Für die Wiederherstellung werden Metadaten (und wahrscheinlich Snapshots) genutzt, um Zeit zu sparen. So oder so sind Backups mit DATIS nach der ersten Vollsicherung immer nur noch inkrementell.

DATIS von Inspeere basiert auf ZFS.

Aus Sicherheitsgründen sollte die Verschlüsselung von Daten sowohl bei der Ablage als auch beim Transport (und am besten noch bei der Verarbeitung) mittlerweile der Standard sein. ZFS unterstützt das schon lange – und hat weitere Vorteile. Checksummen erlauben die Prüfung von Integrität und Vollständigkeit der Daten.

Quellen können auch Virtuelle Maschinen oder Container sein. Als Ziele werden neben den eigenen DATIS-Boxen u. a. S3-fähige Speicher unterstützt. Integrationen gibt es z. B. für NextCloud. Bei den Backuplösungen ist es das im universitären Umfeld gern genutzte UrBackup.

Hervorgegangen ist die verteilte Speichertechnologie aus der universitären Forschung, dem Labor I3S der Universität Cote d’Azur. Mit AES256 verfügt die Lösung über eine starke Verschlüsselung. Die selbstentwickelten Technologieerweiterungen sind nach eigener Aussage proprietär. Das ist schade, zumal es gerade für Loadbalancing und Bandbreitenoptimierung exzellente Open-Source-Bausteine gibt.

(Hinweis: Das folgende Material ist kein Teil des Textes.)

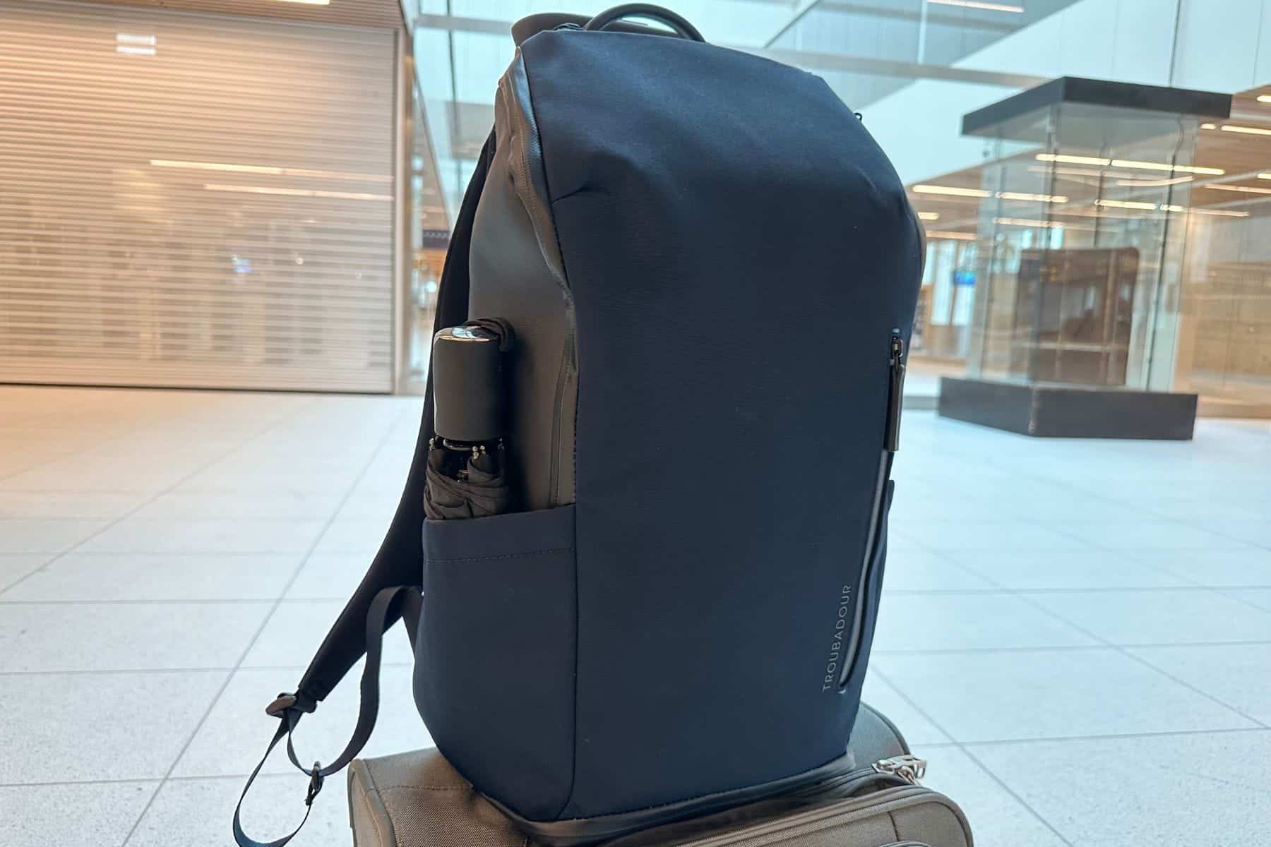 With its trolley sleeve at the back and two expandable water bottle pockets on each side, we’ve enjoyed using it for trans-Atlantic trips too. The front compartment opens fully, which is a nice feature for easy packing and quick access to documents.

Die Idee, Peer-to-Peer für Backups zu nutzen, ist nicht neu. 2001 forschte das MIT zu dem Thema. 2013 stellten Studierende der finnischen Aalto-Universität mit PeerVault eine ähnliche Lösung vor. Kommerziell bieten Acrosync mit Duplicacy oder Resilio bereits Lösungen an. Duplicacy ist zudem quelloffen. Neuere Marktteilnehmer wie FileCoin oder Storj adressieren ihren Ansätzen eine neue Generation Backup- und Storage-Administratoren bzw. Service Provider.

Inwieweit Unternehmen sich überhaupt darauf einlassen wollen, Ihre Backups irgendwo zu speichern, steht auf einem ganz anderen Blatt. Die Vertrauensfrage ist zentral, wenn es um die Sicherheit und den Schutz von Daten geht.

Inspeere-CTO Olivier Dalle stellte die Technologie im Dezember während der IT Press-Tour in Madrid vor.